Abstract
Oxidative stress is thought to play a significant role in the development of glaucoma. However, the association between systemic and local oxidative stresses in different types of glaucoma has not been assessed fully. The current study compared the redox status in the aqueous humor (AH) and blood samples among eyes with primary open-angle glaucoma (POAG), exfoliation glaucoma (EXG), and non-glaucomatous controls to evaluate the relationship among systemic redox status, intraocular oxidative stress, and clinical backgrounds. AH and blood samples were obtained from 45 eyes of 45 Japanese subjects (15 POAG, 15 EXG, and 15 control eyes). The serum levels of lipid peroxides, ferric-reducing activity, and thiol antioxidant activity were measured by diacron reactive oxygen metabolites (dROM), biologic antioxidant potential (BAP), and sulfhydryl (SH) tests, respectively, using a free radical analyzer. The activities of cytosolic and mitochondrial forms of the superoxide dismutase (SOD) isoforms, i.e., SOD1 and SOD2, respectively, in AH and serum were measured using a multiplex bead immunoassay. In AH, SOD1 in subjects with EXG and SOD2 in those with POAG and EXG were significantly higher than in control eyes. In serum, compared to control subjects, BAP in subjects with POAG and EXG was significantly lower; SOD1 in those with EXG and SOD2 in those with POAG and EXG were significantly higher. dROM and SH did not differ significantly among the groups.

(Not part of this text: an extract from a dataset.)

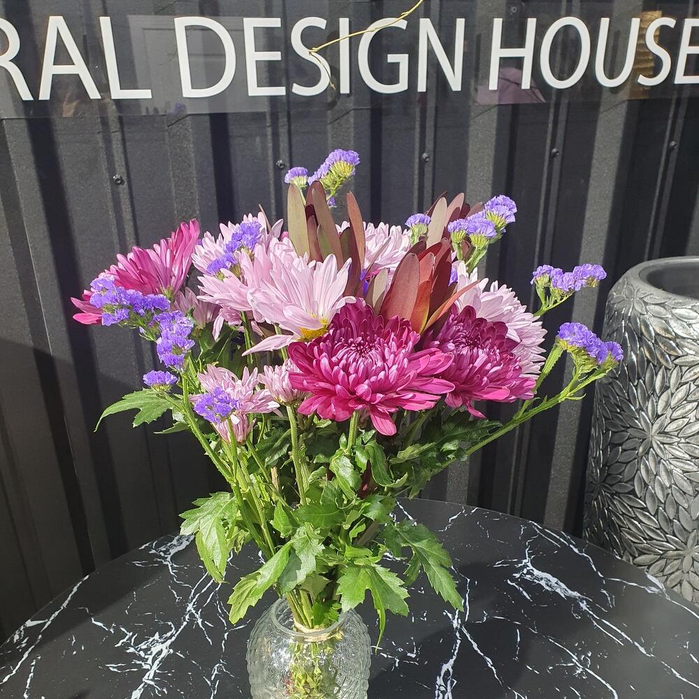Хризантема кустовая – 5 шт. хризантема бигуди – 5 шт. Статица – 2 шт. левкадендрон – 3 шт.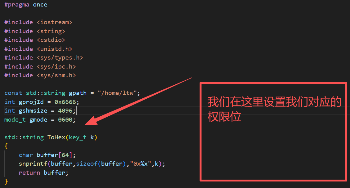 mode_t gmode = 0600;std::string ToHex(key_t k)

The BAP values were correlated negatively with the SOD1 concentrations in AH and serum, SOD2 in the AH, intraocular pressure, and number of antiglaucoma medications. In conclusion, lower systemic antioxidant capacity accompanies up-regulation of higher local antioxidant enzymes, suggesting increased oxidative stress in eyes with OAG, especially in EXG. Determination of the systemic BAP values may help predict the redox status in AH.
Highlights
Glaucoma, which is a leading cause of irreversible blindness worldwide [1,2], is a multifactorial disease characterized by retinal ganglion cell death [3]
The intraocular pressure (IOP) was significantly higher in the exfoliation glaucoma (EXG) group (26.4 ± 14.8) than in the control (14.3 ± 3.4; p = 0.0012) and primary open-angle glaucoma (POAG) (17.1 ± 14.8; p = 0.0142) groups; The IOP did not differ between the control and POAG groups (p = 0.1042)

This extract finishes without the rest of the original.